As you recognize, kernel modules are for devices and "kernel stuff" like filesystems.  Some may be accessing the hardware, some may be providing a generic interface (think of generic usb interface and then a module that implements access to a specific usb device chipset).  zfs.ko provides the functionality to interface with ZFS devices.  Root access is typically required to load modules.

Cron basically runs any executable at any given interval:  every minute, the first day of every month, the second thursday at 3:33 am of every 3rd month.  Look at the "periodic" parts of the system.  Some you want to run daily, some weekly, some monthly.  Any executable already written can be run by a cron job (assuming the proper permissions), by any user (individual crontabs).

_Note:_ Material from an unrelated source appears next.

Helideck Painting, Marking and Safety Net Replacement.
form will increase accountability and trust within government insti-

Services (or the "init" system) typically initialize and configure things during system boot up/shutdown/change of state.  These things can be widely different.  Take a look at /etc/rc.d at what is in there.  script that initializes and start firewalling,  script that starts DHCP client, starts jails, starts databases.

They all have their places where they are "best".  A lot depends on exactly what needs to be done, what is used to trigger the action and who is allowed to do that action.

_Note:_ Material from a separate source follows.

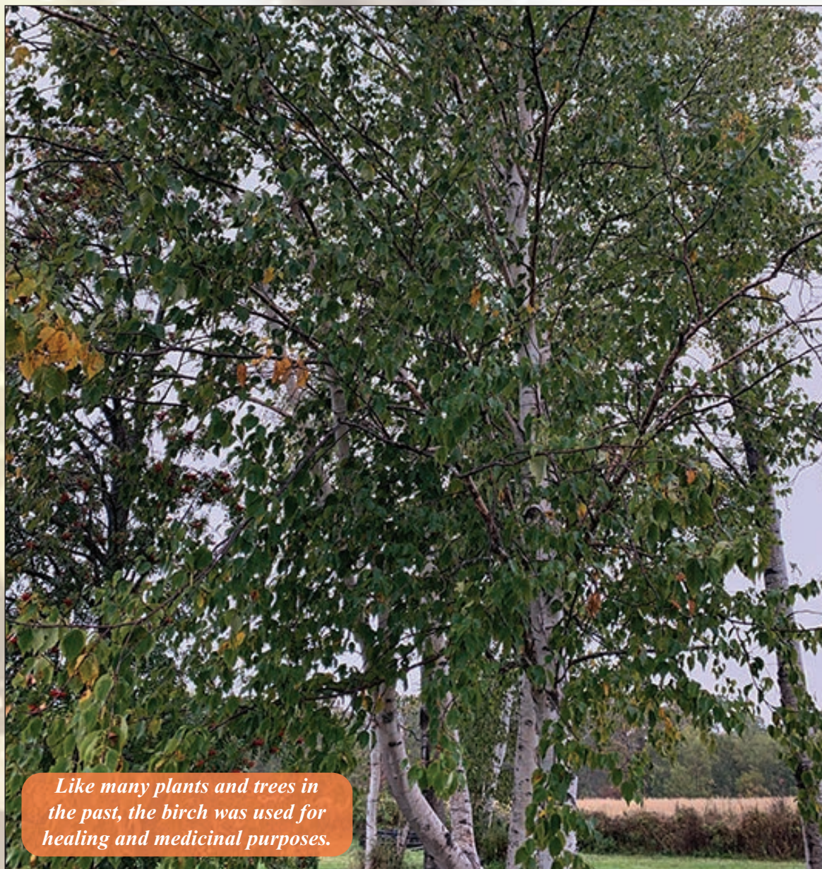
Like many plants and trees in the past, the birch was used for healing and medicinal purposes.

Scandinavians use a bundle of birch tied together in the sauna, which they slap themselves with to stimulate

You also need to keep in mind "how long does it wait"?
Stuff in the kernel, waiting milliseconds is a long time.
Cron:  if something is to be run on a regular time based pattern, you can set to run once a year at a specific day/date/time.
Services:  typically run startup, shutdown, change of system run level.  They may initialize other functionality (like devmatch/devd/devfs stuff), but they usually just spawn a process, record some information for later, then exit.  

Based on what you've written I don't know if anyone can say "what is the best option" for your use case.


----------



## zirias@ (Jun 20, 2021)

Tried a few times to really make sense of that, but, comparing cron with kernel modules, I guess I just have to give up. 

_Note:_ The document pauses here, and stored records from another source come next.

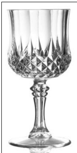
Photo: Crystal glass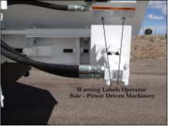
Figure 2C Figure 2D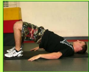
The Bridge strengthens the small stabilizing muscles of the spine.

Return to the start position and repeat for 2 sets of 10 repetitions.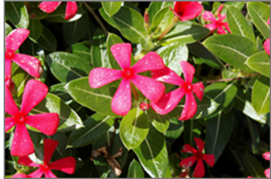
Soiree Kawaii Red Shades Vinca flowers

Soiree Kawaii Red Shades Vinca is a dense herbaceous annual with a trailing habit of growth, eventually spilling over the edges of hanging baskets and containers. Its medium texture blends into the garden, but can always be balanced by a couple of finer or coarser plants for an effective composition.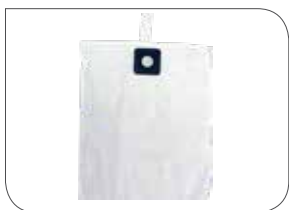
Bag, high filtration

Anyways: cron _is_ a service, maybe this kind of helps…


----------



## ShelLuser (Jun 20, 2021)

Is OP really thinking it's a good idea to run, say, a mailqueue job as a kernel module and thus giving it potential root access to the whole system?


----------



## fbsd_ (Jun 20, 2021)

ShelLuser said:


> Is OP really thinking it's a good idea to run, say, a mailqueue job as a kernel module and thus giving it potential root access to the whole system?


Why not if it works for when system will sleep, which keypresses need to be recorded and reacted etc.


----------



## ralphbsz (Jun 21, 2021)

Programming in the kernel is hard. Debugging code in the kernel is very hard. Writing code that runs in the kernel so that it is secure is extremely hard. The general rule is: Put in the kernel what absolutely has to go into the kernel, everything else goes into user space.

When you are ready to write some program, the first step needs to be to think about the requirements: What does it need to accomplish? What is its job? Begin by writing that down. From those requirements, you can then derive the inputs and outputs of the program should be. From that you can figure out when the program needs to react, whether it can be driven by input, whether it needs to sleep and wake up on a regular schedule, or whether it should be started regularly. Another thing to consider is the volume of data that goes in and out, and how much processing is required (the jargon for that is "speeds and feeds"). Again, this will give you hints about how to implement it.


----------



## hardworkingnewbie (Jun 21, 2021)

@OP: Actually it is quite simple: you should only do in a kernel what needs to be done there. For the rest there is the userland.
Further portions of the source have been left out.